An interesting option for you to check out, is to use dynamic mappings, and you could enforce a schema to some degree. If you had at least standard prefixes for your field types you could dynamically assign a type using this method: [Dynamic templates | Elasticsearch Guide [7.15] | Elastic]

so a sample doc... instead of:

{
    "id": "12345",
    "parent": "item_4567",
    "stringFields": [
        {
            "typeKey": "contracts",
            "fieldKey": "counterParty",
            "value": "ACME Inc."`
        }, ...
    ],
    "numberFields": [
        {
            "typeKey": "contracts",
            "fieldKey": "amount",
            "value": 100001
        }, ...
    ],
    "dateFields": [
        {
            "typeKey": "contracts",
            "fieldKey": "expiration",
            "value": "2020-01-24"
        }, ...
    ],
}

it would be like this (or however your structure aligns with use case):

{
    "id": "12345",`
   "ItemNumber_ACMEInc": "item_4567",
   "contractAmount_ACMEInc": 100001,`
    "contractExpiration_ACMEInc": "2020-01-24"`
}

the prefix defines the data type, the suffix, is up to the customer, and it's just an optional key

Hi Charles. Thanks so much for the reply.

We are in fact expecting 100k's of fields per index. We expect 100's of fields per customer and ~100k's customers. While any individual document will probably have a less than 50 of those fields. We had been planning on using a single multi-tenant ES cluster/index. Which is why we turned to nested to avoid mapping explosion over the dynamic fields approaches.

I'm curious what problems you think we'll hit with nested if we continue down this path. We have some lucene experts (in the Solr space) in house and they felt like this nested approach would probably be workable from a lucene standpoint, but I'm curious if there are ES landmines that we might trigger.

OK, I checked some more, the gist of feedback was "if it’s the only way to handle mappings explosion I guess so.."

What this means is, it might be a case where Nested could work for you.
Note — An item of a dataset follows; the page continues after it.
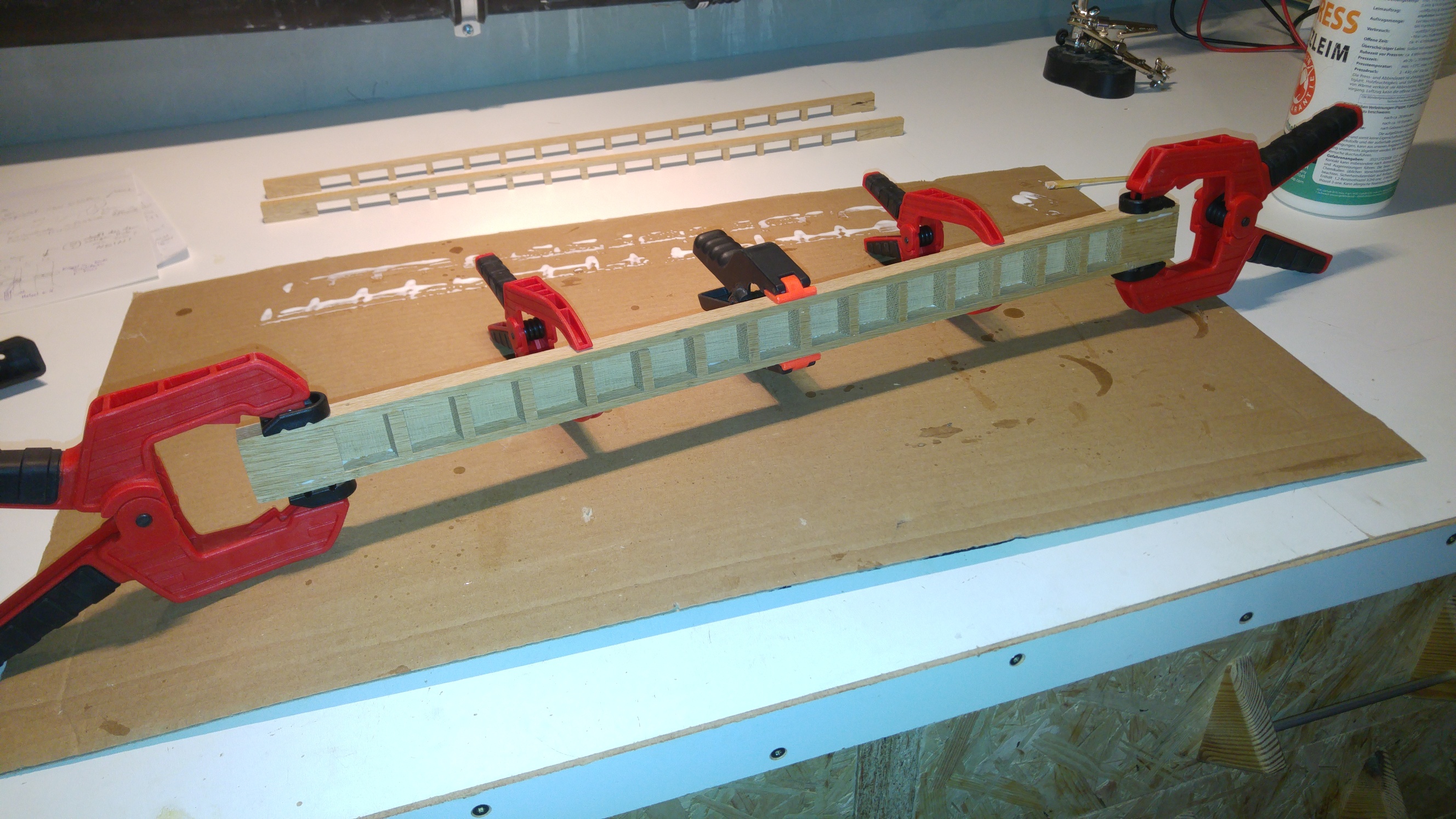 Die Wände für die äußeren beiden Teile der Leiter werden aufgeleimt

The thing to be aware of here is nested causes fixed_bitset_cache usage so at huge document scale all the heap will be used by tracking whats the main doc and the nested special docs, for each nested object you need one in the doc

Lastly a rough idea, is as long as they stay under billions of docs you might make it...

However, be aware the feedback I got was this lack of schema really hurts when you have to be ready to handle anything.

Most likely it’s not going to be fast and it’s going to not compress well on disk.

It would be much better to try to force a schema, rather than allow this kind of schema explosion.

My assumption was that there'd be some amount of schema under the covers to assist with compression and performance (e.g. dateFields_typeKey, dateFields_fieldKey, dateFields_value) would be the 3 underlying fields tied to a doc_id and parent doc_id under the covers to allow for fairly scalable filters, intersections, and sorts) over these seemingly unstructured values.

Is that actually the way this works or does it do something with worse latency @ scale?